Ontem acabei o texto com a palavra sofrível. A primeira vez que me lembro dela foi num certo colégio por onde andei a seguir à quarta classe. Fazia parte de uma estranha escala de classificação. Situava-se acima do medíocre e abaixo do suficiente. Imagino que o sistema classificativo do colégio estivesse já desadequado, mas talvez seja apenas eu que sou muito mais velho do que gosto de admitir. Não consigo imaginar as razões que terão levado alguém a transformar um adjectivo que diz que algo se pode suportar ou sofrer num nome que refere um certo desempenho escolar. Seja como for, os professores daquele tempo tinham uma escala mais ampla para classificar as provas e, quando estavam cansados desta, juntavam-lhe mais e menos. Os alunos, então, tinham suficiente menos que não se confundiria com sofrível mais, como o bom menos não era em nada idêntico ao suficiente mais. Tive uma professora de Físico-Química que se entretinha a distribuir medíocres e maus com vários menos e mais à frente, numa escala cujos arcanos só ela conheceria. Desconfio que, naqueles dias, a profissão de professor era muito entediante e havia que passar o tempo a inventar estes jogos classificativos. O lamentável de tudo isto é que a palavra quase caiu em desuso. Ninguém diz mas que filme sofrível ou aquele é um poeta sofrível, embora eu possa dizer que a minha inspiração está sofrível ou talvez mesmo medíocre, com um mais à frente.

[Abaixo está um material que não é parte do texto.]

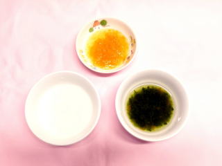 | ・つぶし粥 ・味噌汁(豆腐・人参・ほうれん草) ・白菜の煮物(白菜・人参) |

sábado, 24 de julho de 2021

Do terrível

Todo o anjo é terrível. Assim começa a segunda Elegia de Duíno, de Rainer Maria Rilke. Tantas vezes dei comigo a pensar sobre essa estranha sentença, não sobre a sua verdade, mas a perguntar-me se ela não é uma pista para decifrar o enigma daquilo que nos aterra, o mistério do terror. Sempre que algo de terrível assombra os homens talvez seja a obra de um anjo ou de uma legião deles, mesmo se nós nos convencemos que o excesso de iniquidade ou de prazer seja o fruto do arbítrio humano. Pensar sobre os anjos não será o mais indicado para uma tarde soalheira de um sábado de Julho, com o mar tão perto. Encerro os pensamentos na gaveta do armário onde guardo as toalhas de praia e os calções de banho, e espero que também esses pensamentos adormeçam e deixem de me assediar aos sábados à tarde. Ponho de lado o poeta e deixo-me cativar pelas longas conversas com que os pássaros, mesmo ao pé da janela, ajustam os negócios da sua vida. Tenho de me aprontar, parece que alguém se esqueceu de comprar gengibre. Sem ele, o jantar estará ameaçado, ou talvez ninguém desse por isso, pois um anjo terrível se haveria de dispor a embotar o gosto dos comensais e, como um certo génio maligno que atormentou o pobre René, haveria de fazer parecer óptimo aquilo que apenas era sofrível.